於黛兒一進大廳,便撲到了一名華服美婦懷裡,嬌嗔道,“母親!”
於夫人寵溺的揉了揉她的腦袋,聲音溫柔,“回來了?”
於黛兒去會州的事,她是知道的。
於黛兒自她懷裡鑽出來,笑嘻嘻道,“回來了,”她又向於夫人旁邊的女子甜甜道,“表舅母。”
樸夫人笑著應了聲,又責怪於夫人,“你也是放心,怎地就叫她一個人去了會州?”
不遠處坐著的中年錦衣男子卻不讚同,“我倒覺得表妹做得對,這裡離會州又不遠,而且還有侍從護著,哪裡就有那麼危險了,婦人之仁。”
樸夫人聽了也不著惱,薄嗔了他一眼,“就你心大,黛兒是個姑娘家,怎好獨自外出?”
於夫人連忙道,“表嫂不必擔心,這丫頭從小就野得很,喜歡往外跑,我和她爹管不住,後來索性由著她了,左右她自己也有分寸。”
“就是就是,”於黛兒吐了吐舌頭,“我才不會亂跑。”
說著,她便向林傾暖和寧崢招了招手,示意他們過來,然後向幾人介紹道,“表舅舅,表舅母,母親,暖兒和寧二哥哥來拜訪您們了。”
林傾暖見狀,便含笑走上前去,向幾人福身行禮,“見過樸老爺,樸夫人,於夫人。”
寧崢也彎腰向幾人行了禮。
於夫人之前在宴會上是見過林傾暖和寧崢的,隻是不曾交談過,此刻見他們舉止從容有度,心下不由喜愛了幾分,連忙道,“林三小姐,寧二少爺不必多禮。”

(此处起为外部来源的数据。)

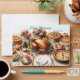 Watercolor illustration of a beautifully arranged Thanksgiving feast on a wooden dining table. The centerpiece is a roasted turkey surrounded by an array of colourful dishes. Small decorative pumpkins accent the table, and there are candles providing a warm glow. The table setting includes plates, silverware, and glasses, creating a cosy, festive atmosphere. Designed by artist Danguole Serstinskaja
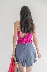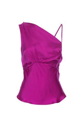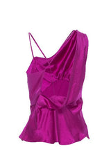 The Thalia blouse is just as stunning in the back as it is in the front. Loosely inspired by the Grecian pallium, this bias draped one shoulder blouse has an open strap back to give you a free, loose and breezy feel. The color of the silk is in a striking Regal Magenta. Slip her on for instant sex appeal and pair her with any bottom.
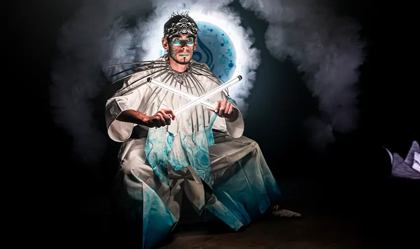 Le spectacle de jonglage lumineux spectacle utilise les mouvements de matériel LED multiple : éventails, bolas, cerceaux lumineux, poï de lumière, etc. Notre compagnie instaurer une atmosphère onirique et soignée, qui entraîne le spectateur dans une flânerie fantastique.
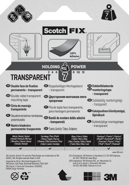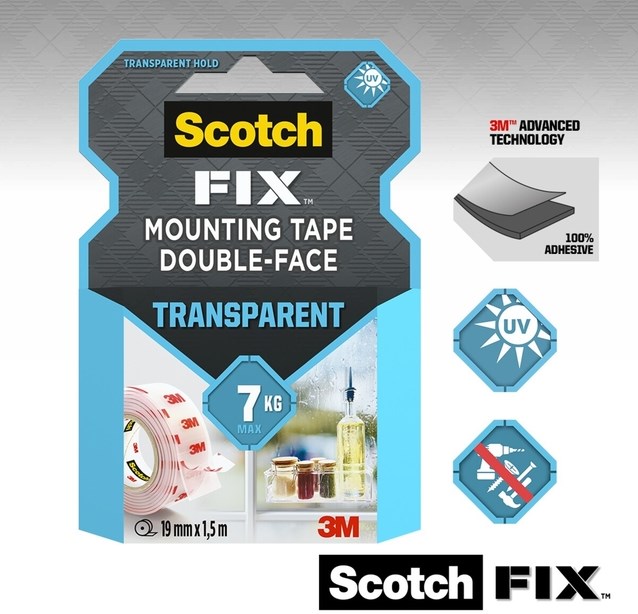 Dubbelzijdige plakband Scotch montage 19mmx1.5m transparant

樸老爺和樸夫人看見跟著黛兒進來的兩人年紀都不大,那少女約莫十三四歲,卻生的絕豔瑰麗,一雙鳳眸更是漆黑透亮,靈動非常。
那少年年歲略長,也不過十六七歲的模樣,明唇皓齒,眉目俊朗,風采斐然,一瞧便知絕非池中之物。
二人相視一眼,均詫異的看向於黛兒。
這雙出眾的少年男女是誰?
於黛兒笑著介紹,“表舅舅,表舅母,他們是我的朋友,這位是寧國公的嫡孫,寧國府的二公子,名喚寧崢,”她又將林傾暖拉近了些,“這是寧國公的外孫女,叫暖暖。”
她知道暖暖不大喜歡林府,便沒說她是林府的女兒。
樸老爺和樸夫人沒想到他們竟然是寧國府的子孫,頓時肅然起敬,尤其是見他們二人相貌出眾,氣質超群,心裡不由感歎,果然是寧國府的子弟,非尋常人等可比。

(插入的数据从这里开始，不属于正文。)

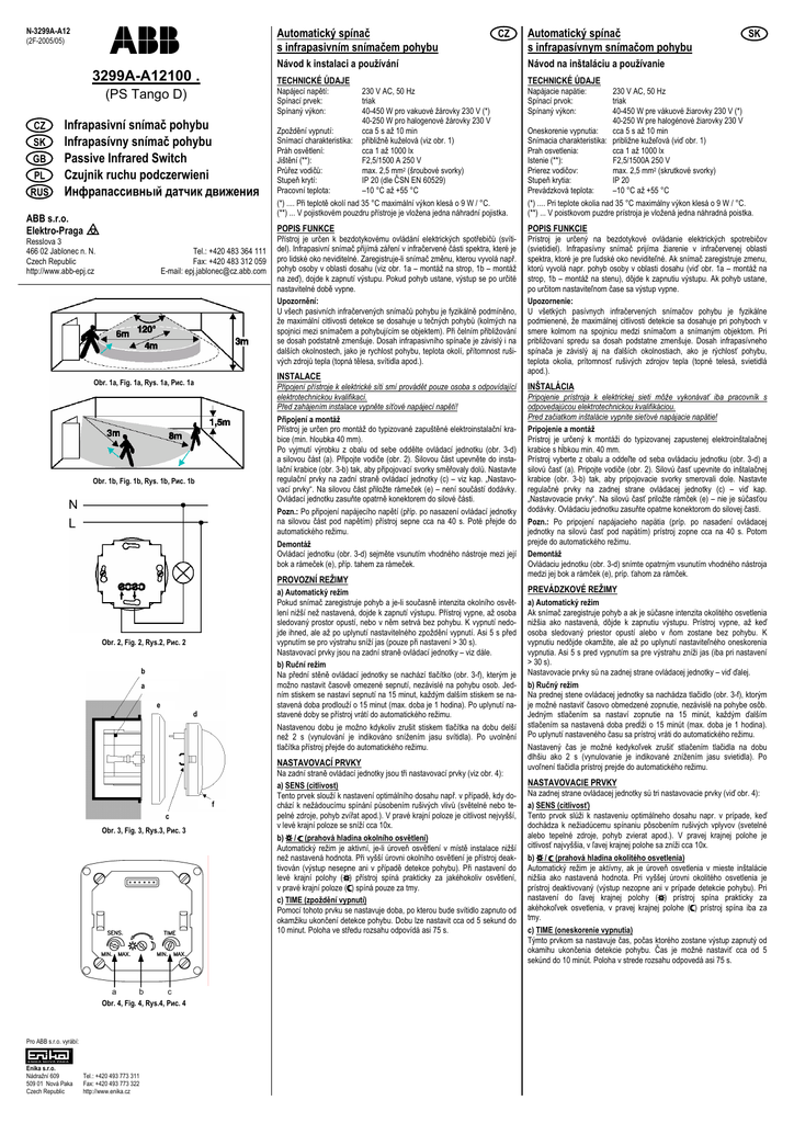 Automatický spínač s infrapasivním snímačem pohybu N-3299A-A12 (2F-2005/05) 3299A-A12100 . (PS Tango D) CZ SK GB PL RUS Infrapasivní snímač pohybu Infrapasívny snímač pohybu Passive Infrared Switch Czujnik ruchu podczerwieni Инфрапассивный датчик движения ABB s.r.o. Elektro-Praga Resslova 3 466 02 Jablonec n. N. Czech Republic http://www.abb-epj.cz Tel.: +420 483 364 111 Fax: +420 483 312 059 E-mail: [email protected] CZ Návod na inštaláciu a používanie TECHNICKÉ ÚDAJE TECHNICKÉ ÚDAJE Napájecí napětí: Spínací prvek: Spínaný výkon: 230 V AC, 50 Hz triak 40-450 W pro vakuové žárovky 230 V (*) 40-250 W pro halogenové žárovky 230 V Zpoždění vypnutí: cca 5 s až 10 min Snímací charakteristika: přibližně kuželová (viz obr. 1) Práh osvětlení: cca 1 až 1000 lx Jištění (**): F2,5/1500 A 250 V Průřez vodičů: max. 2,5 mm2 (šroubové svorky) Stupeň krytí: IP 20 (dle ČSN EN 60529) Pracovní teplota: –10 °C až +55 °C (*) .... Při teplotě okolí nad 35 °C maximální výkon klesá o 9 W / °C. (**) ... V pojistkovém pouzdru přístroje je vložena jedna náhradní pojistka. Napájacie napätie: Spínací prvok: Spínaný výkon: 230 V AC, 50 Hz triak 40-450 W pre vákuové žiarovky 230 V (*) 40-250 W pre halogénové žiarovky 230 V Oneskorenie vypnutia: cca 5 s až 10 min Snímacia charakteristika: približne kužeľová (viď obr. 1) Prah osvetlenia: cca 1 až 1000 lx Istenie (**): F2,5/1500A 250 V Prierez vodičov: max. 2,5 mm2 (skrutkové svorky) Stupeň krytia: IP 20 Prevádzková teplota: –10 °C až +55 °C (*) .... Pri teplote okolia nad 35 °C maximálny výkon klesá o 9 W / °C. (**) ... V poistkovom puzdre prístroja je vložená jedna náhradná poistka. POPIS FUNKCE POPIS FUNKCIE Přístroj je určen k bezdotykovému ovládání elektrických spotřebičů (svítidel). Infrapasivní snímač přijímá záření v infračervené části spektra, které je pro lidské oko neviditelné. Zaregistruje-li snímač změnu, kterou vyvolá např. pohyb osoby v oblasti dosahu (viz obr. 1a – montáž na strop, 1b – montáž na zeď), dojde k zapnutí výstupu. Pokud pohyb ustane, výstup se po určité nastavitelné době vypne. Upozornění: U všech pasivních infračervených snímačů pohybu je fyzikálně podmíněno, že maximální citlivosti detekce se dosahuje u tečných pohybů (kolmých na spojnici mezi snímačem a pohybujícím se objektem). Při čelním přibližování se dosah podstatně zmenšuje. Dosah infrapasivního spínače je závislý i na dalších okolnostech, jako je rychlost pohybu, teplota okolí, přítomnost rušivých zdrojů tepla (topná tělesa, svítidla apod.). Připojení přístroje k elektrické síti smí provádět pouze osoba s odpovídající elektrotechnickou kvalifikací. Před zahájením instalace vypněte síťové napájecí napětí! Připojení a montáž Přístroj je určen pro montáž do typizované zapuštěné elektroinstalační krabice (min. hloubka 40 mm). Po vyjmutí výrobku z obalu od sebe oddělte ovládací jednotku (obr. 3-d) a silovou část (a). Připojte vodiče (obr. 2). Silovou část upevněte do instalační krabice (obr. 3-b) tak, aby připojovací svorky směřovaly dolů. Nastavte regulační prvky na zadní straně ovládací jednotky (c) – viz kap. „Nastavovací prvky“. Na silovou část přiložte rámeček (e) – není součástí dodávky. Ovládací jednotku zasuňte opatrně konektorem do silové části. Pozn.: Po připojení napájecího napětí (příp. po nasazení ovládací jednotky na silovou část pod napětím) přístroj sepne cca na 40 s. Poté přejde do automatického režimu. Demontáž Ovládací jednotku (obr. 3-d) sejměte vsunutím vhodného nástroje mezi její bok a rámeček (e), příp. tahem za rámeček. Obr. 1b, Fig. 1b, Rys. 1b, Рис. 1b PROVOZNÍ REŽIMY a) Automatický režim Pokud snímač zaregistruje pohyb a je-li současně intenzita okolního osvětlení nižší než nastavená, dojde k zapnutí výstupu. Přístroj vypne, až osoba sledovaný prostor opustí, nebo v něm setrvá bez pohybu. K vypnutí nedojde ihned, ale až po uplynutí nastavitelného zpoždění vypnutí. Asi 5 s před vypnutím se pro výstrahu sníží jas (pouze při nastavení > 30 s). Nastavovací prvky jsou na zadní straně ovládací jednotky – viz dále. b) Ruční režim Na přední stěně ovládací jednotky se nachází tlačítko (obr. 3-f), kterým je možno nastavit časově omezené sepnutí, nezávislé na pohybu osob. Jedním stiskem se nastaví sepnutí na 15 minut, každým dalším stiskem se nastavená doba prodlouží o 15 minut (max. doba je 1 hodina). Po uplynutí nastavené doby se přístroj vrátí do automatického režimu. Nastavenou dobu je možno kdykoliv zrušit stiskem tlačítka na dobu delší než 2 s (vynulování je indikováno snížením jasu svítidla). Po uvolnění tlačítka přístroj přejde do automatického režimu. Obr. 2, Fig. 2, Rys.2, Рис. 2 b a e d NASTAVOVACÍ PRVKY f c Obr. 3, Fig. 3, Rys.3, Рис. 3 a b c Obr. 4, Fig. 4, Rys.4, Рис. 4 Pro ABB s.r.o. vyrábí: Enika s.r.o. Nádražní 609 509 01 Nová Paka Czech Republic Tel.: +420 493 773 311 Fax: +420 493 773 322 http://www.enika.cz SK Návod k instalaci a používání INSTALACE Obr. 1a, Fig. 1a, Rys. 1a, Рис. 1a Automatický spínač s infrapasívnym snímačom pohybu Na zadní straně ovládací jednotky jsou tři nastavovací prvky (viz obr. 4): a) SENS (citlivost) Tento prvek slouží k nastavení optimálního dosahu např. v případě, kdy dochází k nežádoucímu spínání působením rušivých vlivů (světelné nebo tepelné zdroje, pohyb zvířat apod.). V pravé krajní poloze je citlivost nejvyšší, v levé krajní poloze se sníží cca 10x. b) / (prahová hladina okolního osvětlení) Automatický režim je aktivní, je-li úroveň osvětlení v místě

樸老爺笑嗬嗬道,“你們既然都是黛兒的朋友,就同黛兒一起喚我表舅舅吧!”
於黛兒也點頭道,“就是暖兒,你們可不能見外。”
林傾暖從善如流,淺笑著再次福了福身,“多謝表舅舅、表舅母這幾日對舍弟的照顧,暖暖先在這裡謝過,改日再備厚禮,專門登府答謝。”
她又向於夫人道,“若不是於伯母和黛兒搭救,舍弟這次恐怕難逃一劫,暖兒心裡感激不儘。”
寧崢也跟著行禮,淵兒是他的表弟,他理應承了這情。
幾人哪裡會受他們的禮,連忙虛扶他們起來,於夫人笑道,“暖暖,你同黛兒是朋友,我們救了二公子,也算是緣分,舉手之勞,不足掛齒。”
樸夫人也道,“不過就住了幾天而已,暖暖,你就不用客氣了,就當這裡是自己的家,安心住下便是。”
林傾暖眉眼含笑,“是,那暖暖便叨擾了。”
淵兒暫時還不能動,她隻能先住在樸府,等淵兒好一些再動身。
見過於夫人和樸老爺後,林傾暖又回了客院。
想著林傾暖是女子,樸夫人本要為她另外安排院子,林傾暖卻直言將她安排到淵兒隔壁就是,她主要是來照顧淵兒的,住得遠了也顧忌不到。
樸夫人見她堅持,便將她和寧崢同林文淵一起安排到了客院。
林文淵又養了兩日,終於可以勉強下床了。
這兩日一直都是林傾暖為他上藥包紮,他的傷口也肉眼可見的開始愈合,隻是想要大好,恐怕還要一段時間。
“姐姐。”林文淵抿了抿唇,見林傾暖正專心的將繃帶一圈一圈的纏在他的腹部,壓根就沒有瞧他。